Blogs also offer label-specific RSS feeds, and the same is true also for Diigo, which is a tag-based system that makes it easy to organize not just thousands but tens of thousands of piece of content, re-using the same content in many different ways based on the tags. For example, it's the RSS from my gdoc tag in Diigo that is generating the blog post content you see displayed here: Latest Stories.

That ability to use labels to re-use and re-purpose content is a key feature, for me, in any content management system. Now, it could be that this kind of approach just does not work in a system like HAX... but in the absence of this type of organizational tool, HAX will still need something other than the Outline mode to allow users to organize their site content.

Playlists/Albums: Sequencing Content

Now, labels are a great way to organize content, but they are not a great way to sequence content, so I also want to say something about playlists/albums. In effect, playlists/albums are like labels that, in addition, have a sequencing feature.

Take Flickr, for example. At Flickr, I can upload thousands of images, no problem (I have about 8000 images there right now, almost all of them illustrations from public domain books). I can then organize those images into albums, with a sequence that determines the navigation of that album. The same image can appear in multiple albums, and I can also put my albums into collections, which is helpful if you have lots of albums.

So, for example, Flickr gives me a URL for an image like this:
https://www.flickr.com/photos/38299630@N05/3679416973/


By default, that image is part of my "photostream" and that is the default sequence that it is part of, with the forward and back navigation moving forward and backwards through the images based on the data/time of the upload.

But I can also put that image in albums, and on that image page, you can see the two albums that it is in:


In this case, the image is in two albums: one that contains other illustrations from the same book, and another that contains other illustrations of the same fable.

URL for that image in the album for a specific book:
https://www.flickr.com/photos/38299630@N05/3679416973/in/album-72157684356607455/

URL for that image in the album for a specific fable:
https://www.flickr.com/photos/38299630@N05/3679416973/in/album-72157620692760527/

Each of those albums has their own navigation sequence, with backward and forward arrows for the user, and I control that sequencing at the album level.

Music playlists and video playlists work the same way: the idea is that users organize content for various purposes in various ways, re-using the same content in new ways based on specific goals and needs.
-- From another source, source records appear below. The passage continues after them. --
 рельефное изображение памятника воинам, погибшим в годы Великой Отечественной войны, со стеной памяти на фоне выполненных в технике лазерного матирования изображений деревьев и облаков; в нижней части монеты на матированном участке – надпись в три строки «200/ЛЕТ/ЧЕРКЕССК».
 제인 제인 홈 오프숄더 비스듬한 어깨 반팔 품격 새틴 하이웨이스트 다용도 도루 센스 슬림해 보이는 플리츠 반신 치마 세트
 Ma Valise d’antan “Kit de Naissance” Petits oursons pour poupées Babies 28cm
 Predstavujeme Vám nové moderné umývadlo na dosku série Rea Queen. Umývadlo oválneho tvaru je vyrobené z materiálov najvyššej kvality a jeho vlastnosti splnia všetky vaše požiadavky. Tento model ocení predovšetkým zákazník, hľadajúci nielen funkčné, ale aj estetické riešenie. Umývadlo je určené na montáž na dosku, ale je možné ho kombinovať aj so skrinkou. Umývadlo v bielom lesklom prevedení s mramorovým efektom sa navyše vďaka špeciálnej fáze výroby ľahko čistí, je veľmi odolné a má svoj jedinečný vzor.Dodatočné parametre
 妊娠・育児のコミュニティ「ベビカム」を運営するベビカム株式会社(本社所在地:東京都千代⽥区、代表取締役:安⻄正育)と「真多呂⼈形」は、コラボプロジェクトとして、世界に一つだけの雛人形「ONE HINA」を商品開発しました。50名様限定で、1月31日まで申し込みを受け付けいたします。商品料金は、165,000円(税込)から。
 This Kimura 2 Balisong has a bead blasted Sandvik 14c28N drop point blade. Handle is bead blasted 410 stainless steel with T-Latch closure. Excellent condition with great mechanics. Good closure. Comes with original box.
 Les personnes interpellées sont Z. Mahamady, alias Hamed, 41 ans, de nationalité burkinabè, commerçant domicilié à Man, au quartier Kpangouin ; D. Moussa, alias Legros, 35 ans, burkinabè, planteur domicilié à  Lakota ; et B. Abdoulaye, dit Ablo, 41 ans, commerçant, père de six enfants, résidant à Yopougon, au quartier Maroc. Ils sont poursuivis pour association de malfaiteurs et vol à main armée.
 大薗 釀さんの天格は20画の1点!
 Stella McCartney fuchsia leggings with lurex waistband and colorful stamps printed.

People are definitely used to the idea of music and video playlists and image albums; I think the time has come for us to start thinking about text-based content in terms of playlists too!

Which way will HAX go?

My guess is that the Outline mode is going to be a useful tool for small sites as people get started, but eventually HAX will need to support sites with hundreds of pages. Will it support sites with thousands of pages? I don't know if the flat-file approach will work for that or not.

So, if/when HAX moves towards supporting sites with several hundred pages, there will need to be something beyond the current Outline mode for organizing the site content.

And in that case, I would like to put in my pitch for a "playlist/album" approach so that HAX content  text pages or images or videos or audio files  could be used and re-used for playlists/albums. I don't know if that is practical or not, but it is the type of content management and navigation that I sure would like to see.

If that sort of things is simply not possible with HAX technology, then that is also good to know, and I will be curious what new approaches to content organization and sequencing we will see in HAX as it evolves.